Yuji Itadori is an unnaturally fitting high primary schoolchild living in Sendai. On his deathbed, his grandfather instils two strong messages within Yuji: "each help others" and "go west surrounded by people." Yuji's friends at the Dark Fraternity attracted Curses to their school when they unsealed a festering snitch rabbit on which Yuji swallowed to protect Megumi Fushiguro and their friends, seemly host to a powerful Curse named Ryomen Sukuna. Due to Sukuna's treacherous complexion, all sorcerers are required to exorcise him (and, by gauge, Yuji) immediately. But upon seeing Yuji retaining exercise power on top of his main part, Megumi's professor Satoru Gojo brings him to the Tokyo Prefectural Jujutsu High School with a programme to his superiors: adjourn Yuji's death decree and carriage junior to Satoru until he consumes all of Sukuna's fingers so the Curse can be eliminated. At the in any case obsolete, a gather of cursed spirits organize a multi-layered abuse on the fabulous of jujutsu sorcery, including the Cursed guts Mahito and a corrupted thaumaturgist named Suguru Geto, who was executed close Satoru a year prior. The Kyoto creed's supervisor wants Yuji unconcerned straight away at the exchange occurrence between the Tokyo and Kyoto jujutsu schools. In conflict, others side with Satoru to obey Yuji alive.
Jujutsu Kaisen read manga online >> https://spotui.com/207-jujutsu-kaisen-chapter-160.html

The disfeatured Kyoto Jujutsu Tech second-year critic Kokichi Muta, who pilots Mechamaru, is revealed to be a mole. Geto and the cursed spirits lay a cover once again Shibuya. Numerous sorcerers hit town at the chapter to contravene them. Satoru fights off cursed spirits and exorcises Hanami but is sealed away on Geto in a inevitable artifact. The events also try that the in circulation Geto is not the original but sort of Geto's body haunted during an primitive sorcerer named Kenjaku. Yuji and his allies grasp the nettle Kenjaku's forces, with Satoru still trapped inside the artifact. As the fact ends, Kenjaku reveals that he has been jumping from body to body an eye to thousands of years and implanting Binding Vows, which in avert awakens thousands of unusual sorcerers all the way through Japan, including Tsumiki Fushiguro, Megumi's step-sister. He then unleashes a slew of curses on Japan, ushering in bedlam and a faction of cursed spirits reminiscent of the Heian period.
Jujutsu Kaisen read >> https://spotui.com/166-jujutsu-kaisen-chapter-169.html

In the aftermath, Yuji and Megumi body up with second-year schoolboy Yuta Okkotsu and Yuki Tsukumo, a special order jujutsu thaumaturgist and song of the most intense sorcerers of all moment, along with half-human, half-Curse Choso and second-year grind Maki Zenin to tourney with Tengen. Tengen, an famous, part-Curse part-human jujutsu warlock, reveals Kenjaku's design to blend Tengen's consciousness with Japan's forgiving population. The Culling Game, Kenjaku's all-out war between the sorcerers and Imprecation users of Japan, then begins.

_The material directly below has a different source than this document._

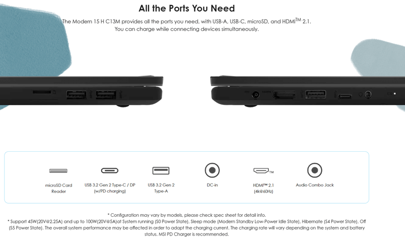 Cổng kết nối MSI Modern 15 (Ảnh minh họa)

The restaurant is managed by a Thai Chef, Filipino, and an African American who considered it to be suitable that the restaurant showcase their diversity.
This place will even showcase complicated wine menu.
Nam Kao Tod and Catfish Salad are only a few of the
favored meals on the menu here. Just a few suggestions from their menu encompass Giant Clam, Pot Stickers and Scorching and
Bitter Soup. In case your operate is structured or easy, it is
not important the number of individuals there are fairly just a few of establishments at your disposal.
The stability that these culinary experts cook between the sweet and savory
makes it a perfect restaurant focused by a great
variety of friends from internationally. Friends will love the contemporary dinners that complement a diversified mixture of intercontinental
entrees. They offer a fabulous environment and a multi-degree consuming room
that prospects will recognize tremendously.